Вершинин поставил поднос на стол, сел и некоторое время тщательно изучал котлету, будто на свете не было ничего важнее.
— Вы в своем праве доложить о произошедшем в комендатуру, и тогда меня естественно арестуют! — произнес Данлопп обыденным тоном, каким вполне можно было произнести нейтральный текст типа. — Сегодня хорошая погода, не правда ли?
Вершинин промолчал.
— С другой стороны, если бы я не вмешался, инцидент мог закончится совсем плачевно! — продолжил профессор. — Вас бы избили, а потом засняли на телефон в нереспектабельном виде. Скажем, без штанов. Или совсем уж ужасно, с членом во рту.
Вершинин снова промолчал. Данлоп, не дождавшись, спросил напрямую:
— Так что вы скажете насчет драки?
— Какой драки? — спросил Вершинин.
Министерство внутренних дел. Ул. Житная, 16.
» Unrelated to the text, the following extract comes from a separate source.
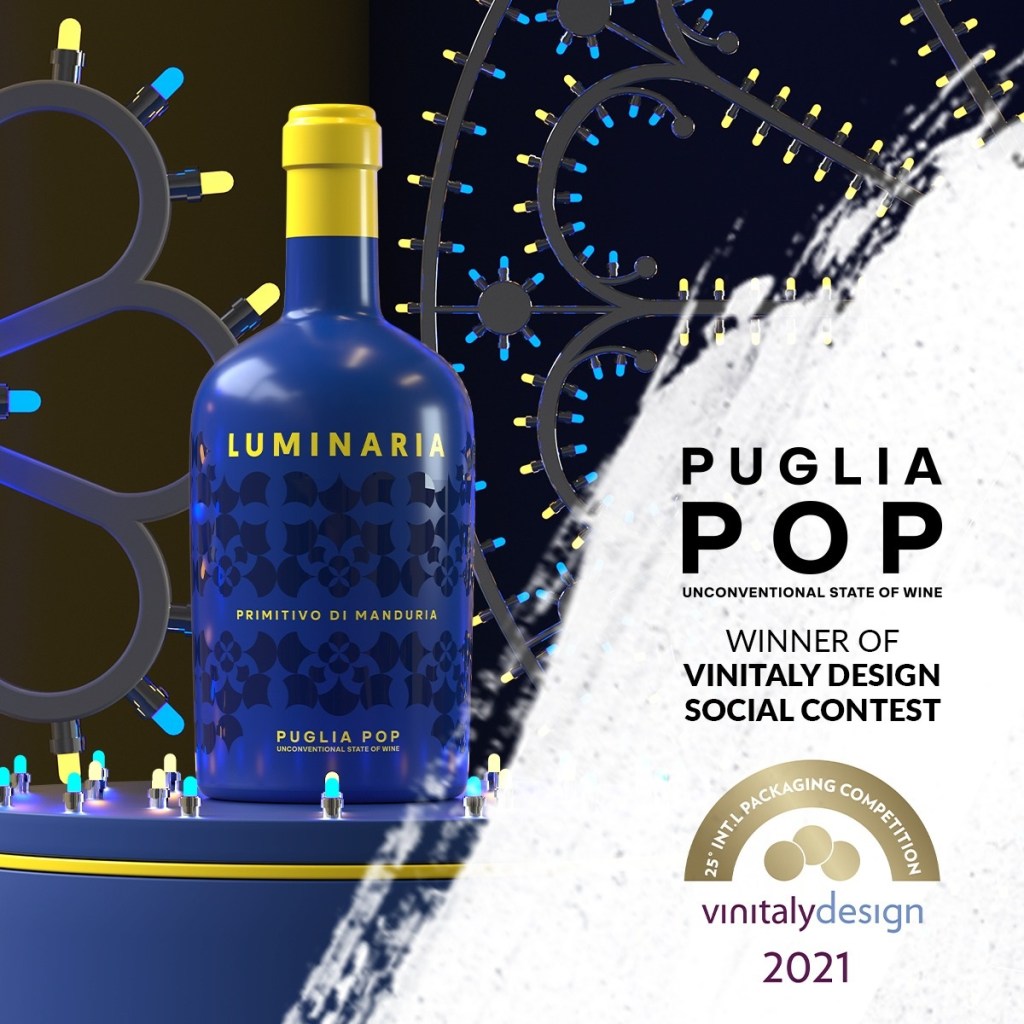 L’etichetta “Luminaria”, Primitivo di Manduria DOP prodotto dalla Cantina Puglia Pop, ha ricevuto il premio Social come migliore etichetta dell’anno, nel corso della 25^ edizione del Vinitaly Design International Packaging Competition promossa, appunto, dall’importante campionaria veronese. La Giuria internazionale di questa edizione, composta da designer, art-director e giornalisti ha selezionato 20 campioni di etichette candidate al concorso e ha lasciato che una giuria popolare giudicasse lo sforzo creativo e innovativo delle più importanti cantine italiane in lizza.

На допросе присутствовал Николай Шебутаев. Поначалу я хотел его выгнать, затем передумал, опер мог пригодиться.
— У тебя есть знакомые в комендатуре? — поинтересовался я.
— Так, по мелочи.
— Узнай, пожалуйста, про полковника Шизданова. Целый день на связь не выходит, а он мой куратор.
— Стучишь ему про нас? — спросил Николай.
— Нет, ему про меня! — уточнил я.
Конвой привел задержанного Пальгуева, дело которого вел Гапонов. Пальгуеву исполнилось 32 года, жилистый, худое нервическое лицо как у начинающего шизофреника. Кличка у него была почему-то Дрозд.
— Боримир Аскольдович, есть какие-либо жалобы? — начал я.
Жалоб у него не было.
— Только Гапонову я уже все сказал! — произнес он взвинченным нервическим тоном. — Кражу в ларьке признаю, но только одну! И там дверь была открыта, гражданин следователь!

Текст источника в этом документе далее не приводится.